A mass m is vertically suspended from a spring of negligible mass, the system oscillates with a frequency n. what will be the frequency of the system, if a mass `4m` is suspended from the same spring?

To solve the problem, we need to understand the relationship between the mass attached to a spring and the frequency of oscillation.

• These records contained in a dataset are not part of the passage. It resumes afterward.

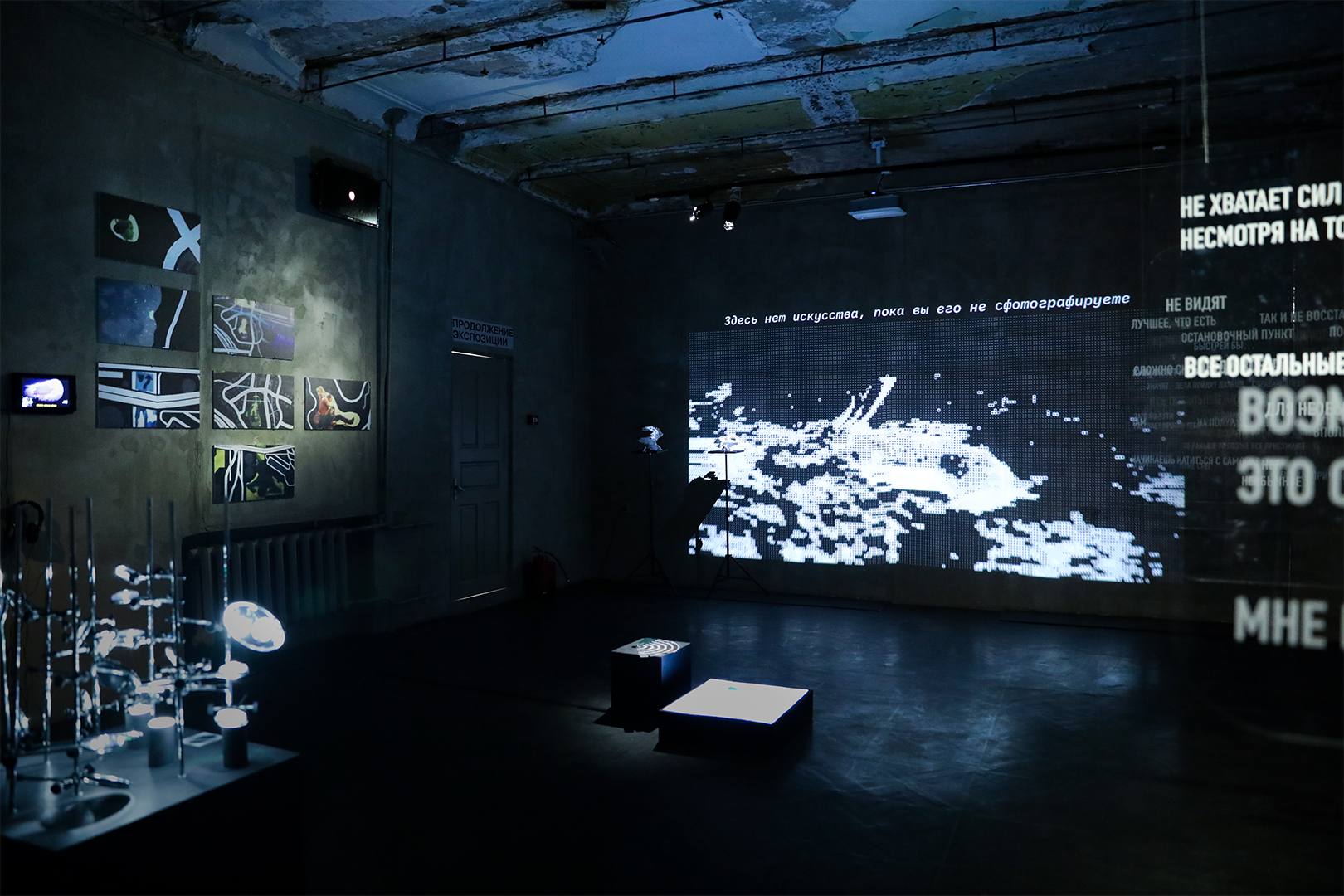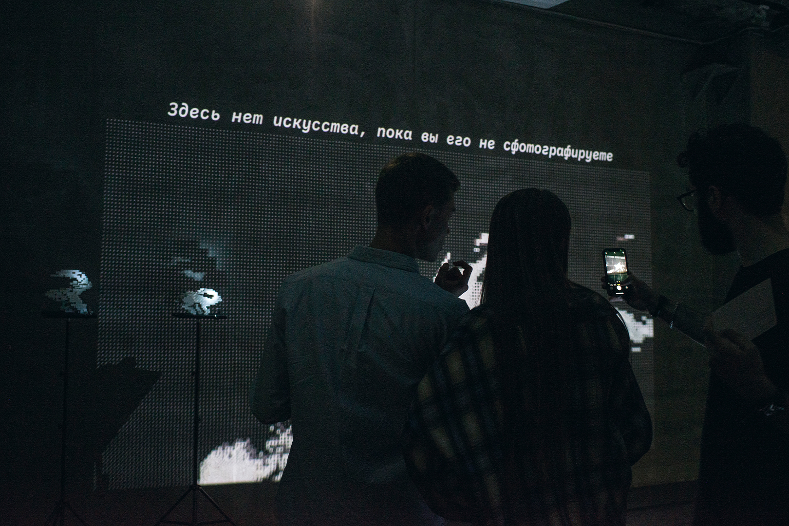 В этой инсталляции в равной мере важны видео на стене и результаты фотоохоты. «Здесь нет искусства, пока вы его не сфотографируете» существует и как проекция в пространстве, и как фотографии в устройствах зрителей. Покидая выставку, они уходят с его частью.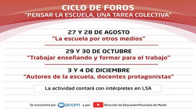 El municipio de Morón lanza el ciclo de foros virtuales “Pensar la escuela, una tarea colectiva” destinado a docentes de todos los niveles y modalidades del distrito.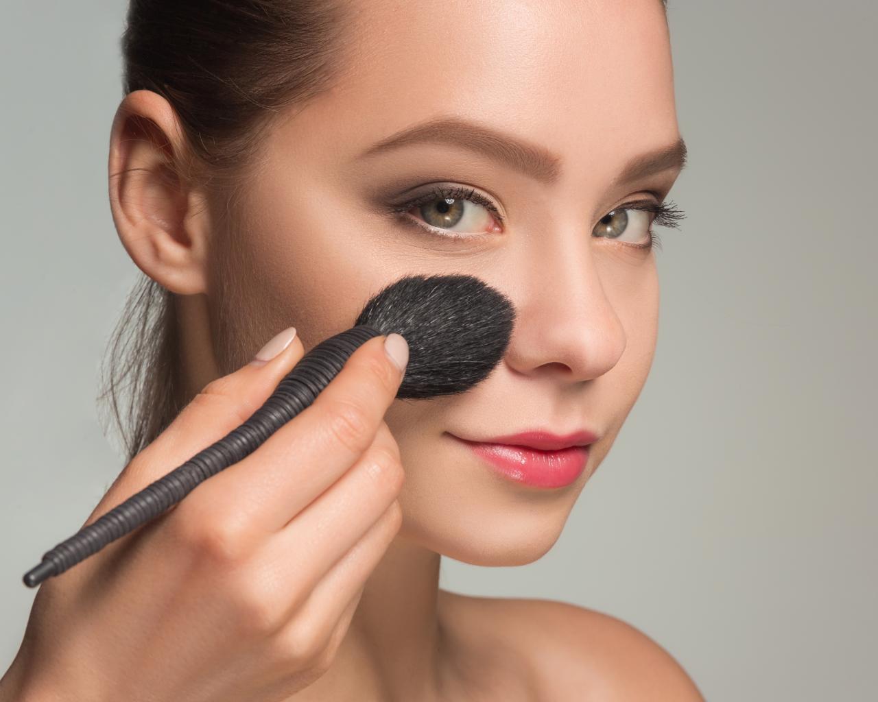 Обои Красивой девушке наносят макияж на лицо кистью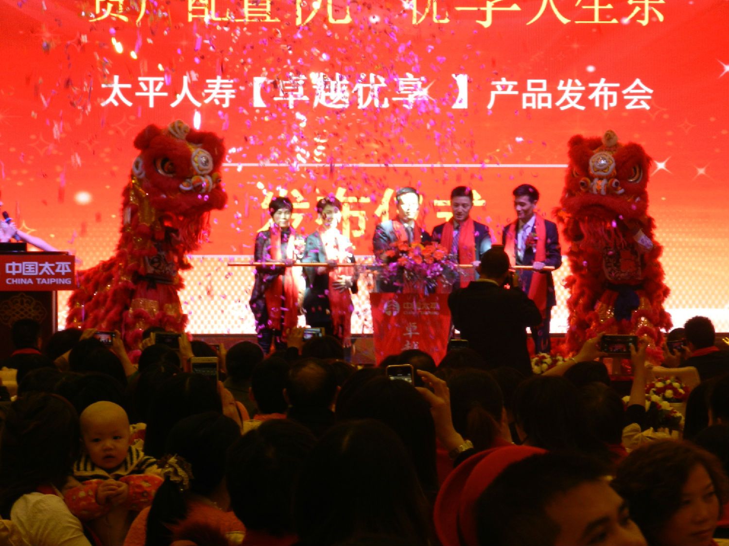 中國太平保險(xiǎn)佛山分公司1215號(hào)在順德龍江鎮(zhèn)祿福酒店舉行了新品發(fā)布銷售會(huì);此次參席有佛山五區(qū)的高端客戶、各企業(yè)主、各界成功人士共500余人參加了會(huì)議。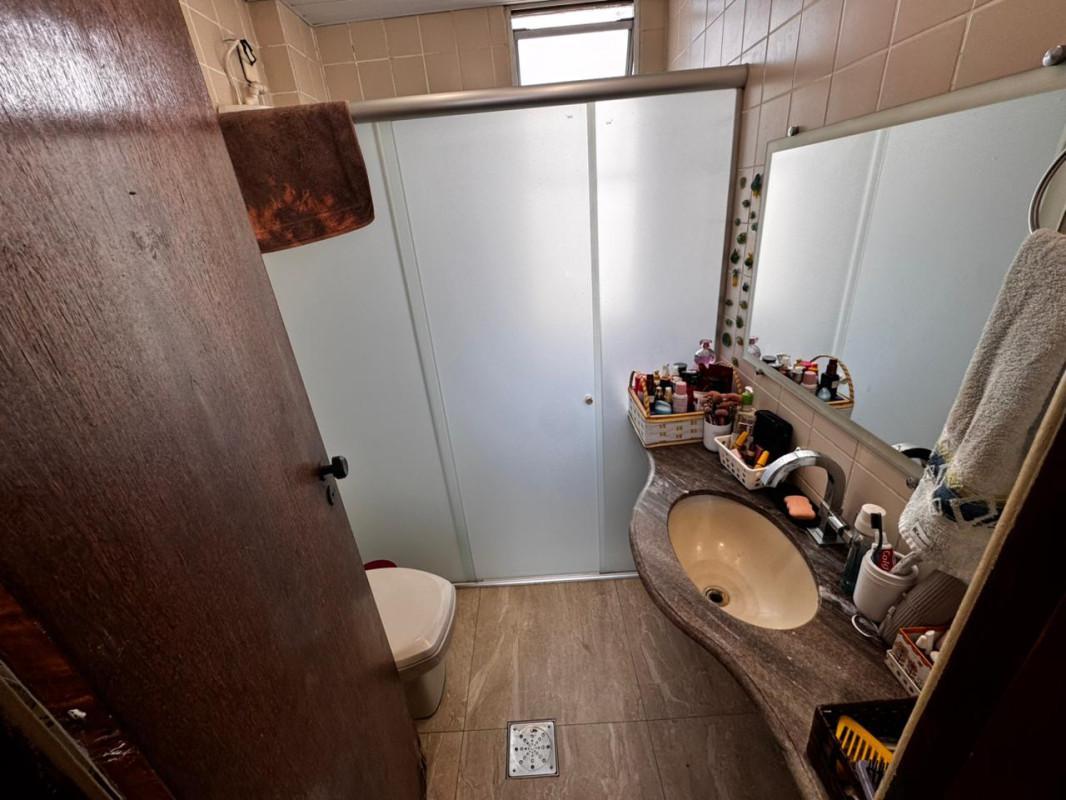 Banheiro social com bancada em granito e box em blindex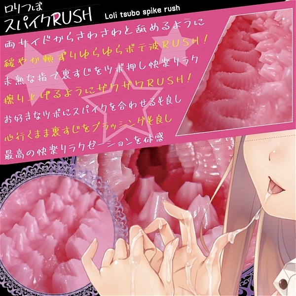 ツボ押し系リラクベーションホール。気持ちイイ所をざわざわっとスパイクイボが強力ツボ押し!繊細なロリ指テク体感、この快感が癖になる裏すじイボブラッシャー構造。両サイドからさわさわと舐めるように緩やか頬ずりゆらゆらボテ波RUSH!未熟な指で裏すじをツボ押しリラク。探り上げるようにザワザワRUSH!お好きなツボにスパイクを合わせるも良し。心行くまま裏すじをブラッシングも良し。最高の快楽リラクゼーションをお試し下さい。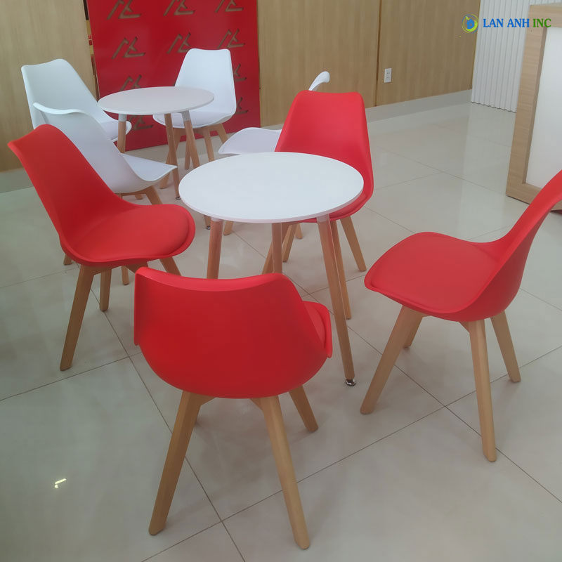 • Ghế: Mặt nhựa có nệm bọc simili, chân gỗ beech cao cấp.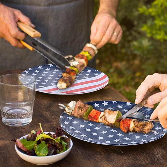 12-Piece Melamine Dinner Plates - 10 Inch Unbreakable Plates for 4th of July Party, Red White Blue Decorations, Lightweight Dinnerware for BBQ, Picnic, Independence Day - Mixed Colors -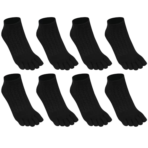 SITAKEGS tåstrumpor, 8 par damer fem-fingerstrumpor tränare löpning ankelstrumpor, ventilerande bomull besättningsstrumpor sportstrumpor lågt skurna strumpor (36–41), svart, 38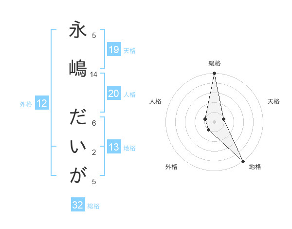 永嶋 だいがさんを姓名の画数から五運を鑑定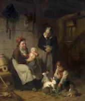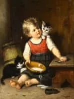 Rudolf Epp (1834-1910, German) was a realist painter of the Munich School who primarily painted women and children with cats in domestic scenes. Epp started drawing at a young age, and he studied art at the Grand Ducal Baden Art School in Karlsruhe. Later he also attended the Dusseldorf Art Academy.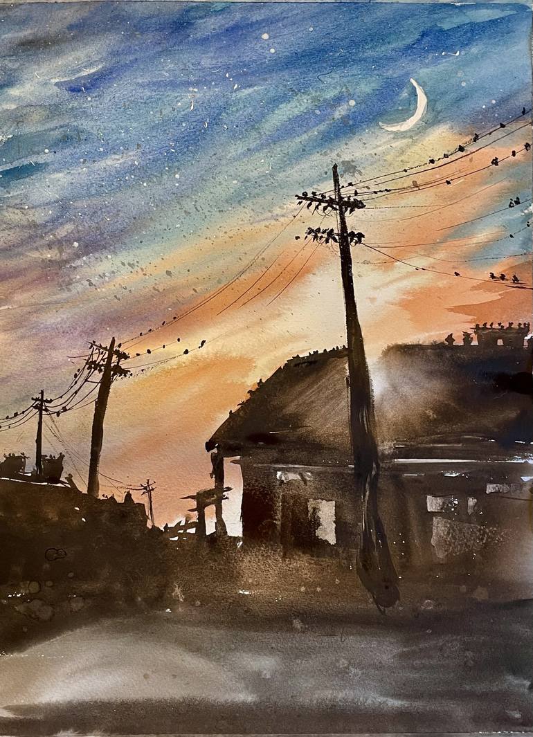 This watercolor painting is a testament to the loose and expressive technique of the artist, capturing the essence of a rural street in Jamaica during a mesmerizing orange and blue sunset. In this artwork, a quaint house and a solitary post take center stage, appearing as silhouettes against the bac...
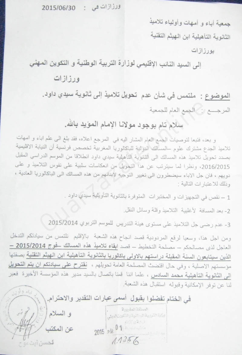 توصلت ورزازات أونلاين بملتمس من جمعية أباء و أمهات وأولياء تلاميذ الثانوية التأهيلية ابن الهيثم التقنية بورزازات إلى كل من السيد النائب الإقليمي لوزارة التربية الوطنية بورزازات ، و كذا إلى السيد مدير الاكاديمية الجهوية للتربية والتكوين تعبر فيها عن إستيائها من القرار المفاجئ و المجحف في حق تلاميذ الجدع المشترك علوم – المسالك الدولية للبكالوريا المغربية تخصص فرنسية ، بعدمــا قررت النيابة الإقليمية ” و بشكل مفاجىء و دون علم الأباء و الأولياء مسبقا” العمل على نقل التلاميذ إلى الثانوية التأهيلية سيدي داود عوض مؤسستهم الأصلية الثانوية التقنية إبن الهيثم في الموسم الدراسي المقبل ،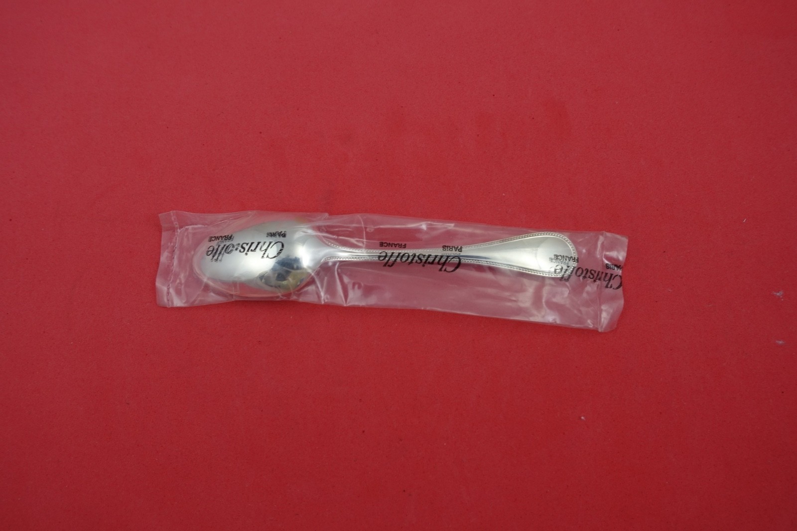 Silverplate Coffee Spoon, new in factory seal 5 3/8" in the pattern Perles by Christofle. It is not monogrammed and is in excellent condition.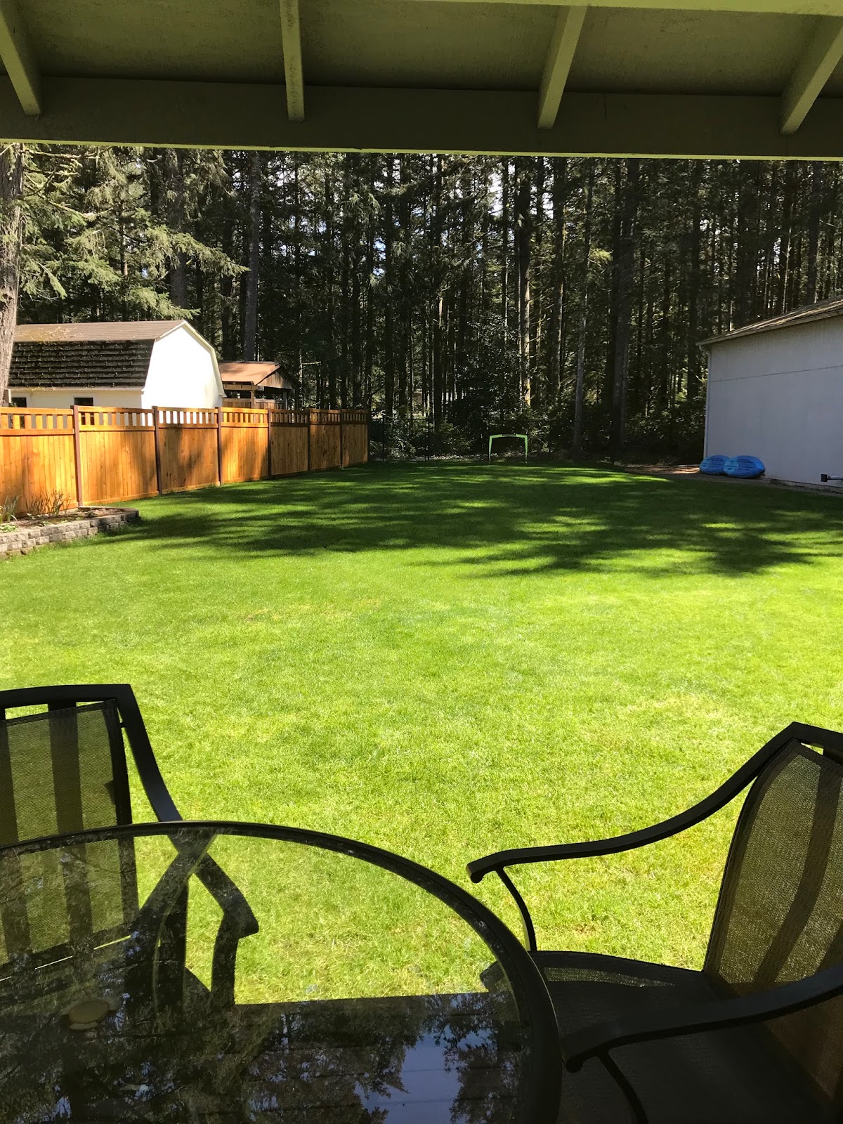 We had a spell of a LOT of rain last week and people around here were really, really ready for sunshine. And then it happened! I just love our house, and in the sunshine the view from my window (morning top, afternoon bottom) is just lovely.

The frequency of a mass-spring system is given by the formula: \[ n = \frac{1}{2\pi} \sqrt{\frac{k}{m}} \] where: - \( n \) is the frequency of oscillation, - \( k \) is the spring constant, - \( m \) is the mass attached to the spring. ### Step-by-Step Solution: 1. **Identify the initial frequency**: The initial frequency when mass \( m \) is suspended is given as \( n \). \[ n = \frac{1}{2\pi} \sqrt{\frac{k}{m}} \] 2. **Determine the new mass**: When the mass is increased to \( 4m \), we need to find the new frequency \( n_2 \). 3. **Write the formula for the new frequency**: The frequency when the mass is \( 4m \) can be expressed as: \[ n_2 = \frac{1}{2\pi} \sqrt{\frac{k}{4m}} \] 4. **Simplify the expression for \( n_2 \)**: \[ n_2 = \frac{1}{2\pi} \sqrt{\frac{k}{4m}} = \frac{1}{2\pi} \cdot \frac{1}{2} \sqrt{\frac{k}{m}} = \frac{1}{2} \cdot \frac{1}{2\pi} \sqrt{\frac{k}{m}} = \frac{n}{2} \] 5. **Conclusion**: Therefore, the frequency of the system when a mass \( 4m \) is suspended from the same spring is: \[ n_2 = \frac{n}{2} \] ### Final Answer: The frequency of the system when a mass \( 4m \) is suspended from the spring is \( \frac{n}{2} \).